Recently I attended a conference where we discussed collaborative tools. Many at the conference had never used a Ning, Twitter, Facebook, Delicious, Diigo, or other Social Networking site.

The group was attempting to collaborate online after the conference. I listened to ideas on how collaboration should happen and/or what the best method should be. The conference leaders finally decided that they should use a list serve to share the information. Their reasoning was that such a tool would benefit all teachers. Every attended could subscribe to the list serve. Those who are subscribed would receive messages in their email. Anyone who had input would be able to comment to the list serve and everyone else could read their message.
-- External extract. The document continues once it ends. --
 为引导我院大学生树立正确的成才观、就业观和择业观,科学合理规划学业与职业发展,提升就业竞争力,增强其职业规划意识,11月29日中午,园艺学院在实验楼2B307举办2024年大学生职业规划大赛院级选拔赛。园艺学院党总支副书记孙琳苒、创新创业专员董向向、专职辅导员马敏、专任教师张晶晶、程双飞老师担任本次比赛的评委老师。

I am subscribed to over two dozen list serves. Due to the quantity of list serves I am subscribed to, I have settings to get one combined message a day, or one a week. I find many become quite redundant in the information - for example: the same questions are asked once a week or more. I see the usefulness of all of these list serves. I, however, think collaboration could become better. Several list serves that I am subscribed to have not generated any messages in over a year. I know I am unable to grow professionally when sharing is not happening. On the other hand, several of these list serves have been very beneficial in providing pedagogy ideas for my teaching.

On the other hand, I am active on many social networking sites. Perhaps it is due to the "newness" of these sites that I find much more collaboration happening. For example, I generally receive at least 1 idea or useful web link from Twitter every 30 minutes.
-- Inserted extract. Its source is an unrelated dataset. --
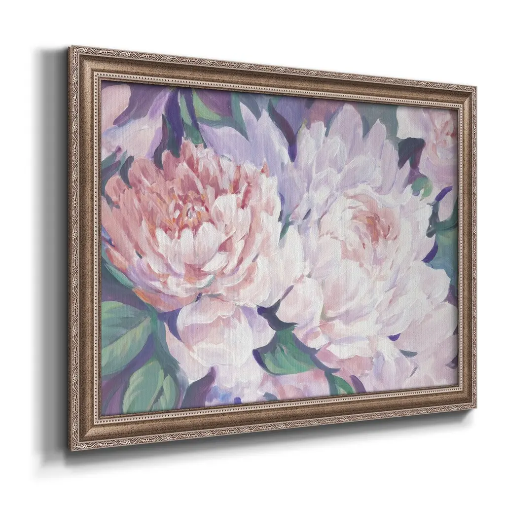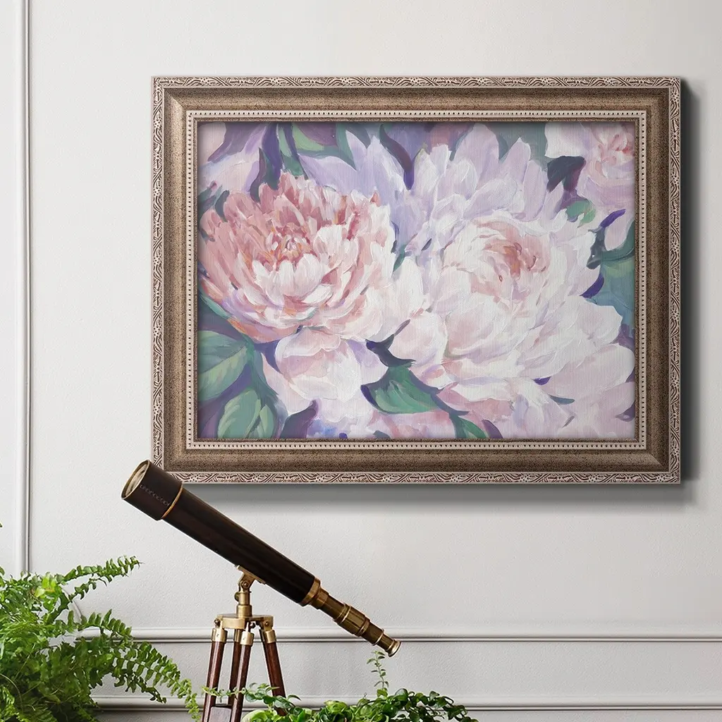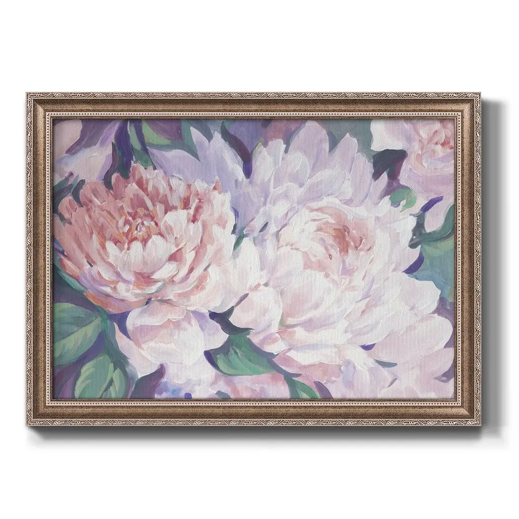 Peonies in Bloom I Premium Framed Canvas- Ready to Hang A Premium Framed Canvas created to last. Framed in distressed wood and available in an array of sizes and colors Featuring a beveled a solid wood stretcher bar, each piece comes ready to hand 3 SIZES AVAILABLE 16''X20'' - Overall Size 18'X27'' - Overall Size 24''x36'' - Overall Size Each piece is made to order. Each piece comes with hanging hardware. Made in the USA Ready to Hang Giclee Paper Print Acrylic Glass Beveled Matt Board

I also like how several of these social networking sites allow the sharing of documents, videos, and pictures. I rarely receive notifications of such resources from any of my list serves. I think people using these list serves also use technology to enhance teaching.

Perhaps the list serve (started LONG ago in a galaxy far, far away) was the precursor of today's web 2.0 collaboration tools. I enjoyed reading @Twilliamson's blog post on the topic: "Debate over Listserves: Web 1.0 or 2.0?" I know that I personally am not unsubscribing from any of the list serves I currently use.

I'm interested in reading (or hearing) your thoughts on this subject. Bring on the use of Web 2.0 tools ... Please reply to this post using any format that you feel is appropriate.

Views: 21

Comment by Eric Biederbeck on July 26, 2009 at 7:16pm
My feeling on the matter is that the list serve certainly has its place and it works for you the way you use it. At the same time, you are using other sources (such as twitter). Now it seems to me that many of the other people at this recent conference don't use other sources. Personally I've found that many people don't feel any reason to change unless they are forced to. I think the leadership at the conference might have been better served by forcing the people to go outside their comfort zone and keep connected via something other than a list serve (like a Ning for instance). I feel this is much like in our classrooms with parent communication- if we don't make parents get info via your website or twitter (for the even bravier) than parents will not use those resources and instead will just rely on the old standby paper copy
Comment by Meg H on July 26, 2009 at 9:10pm
Disappointing. A listserv is technically not even a web 2.0 tool. It does serve its purpose, a broad distribution communications tool using the standard e-mail which we are all familiar and comfortable with, and its sole purpose is to inform. nothing web 2.0 or collaborative about it. But that's not really the issue here, it's one of accommodation at the risk of professional growth. As a profession we really need to start forcing the issue and not succumbing to the convenience of all - I realize such a remark may make me unpopular, but after reading a number of articles on the promise and reality of web 2.0 in education, it's painfully clear that we have become very good at intellectually addressing the issue while leeting the application of these "promising" practices fall way short of the reality.
Comment by Glen Westbroek on July 27, 2009 at 10:47am
Eric and Meg have made great comments. I was using Diigo today and was reminded how powerful that tool is for collaboration. There is no real good listserv method to share bookmarks, ideas on what is read, or links quite like social bookmarking sites provide.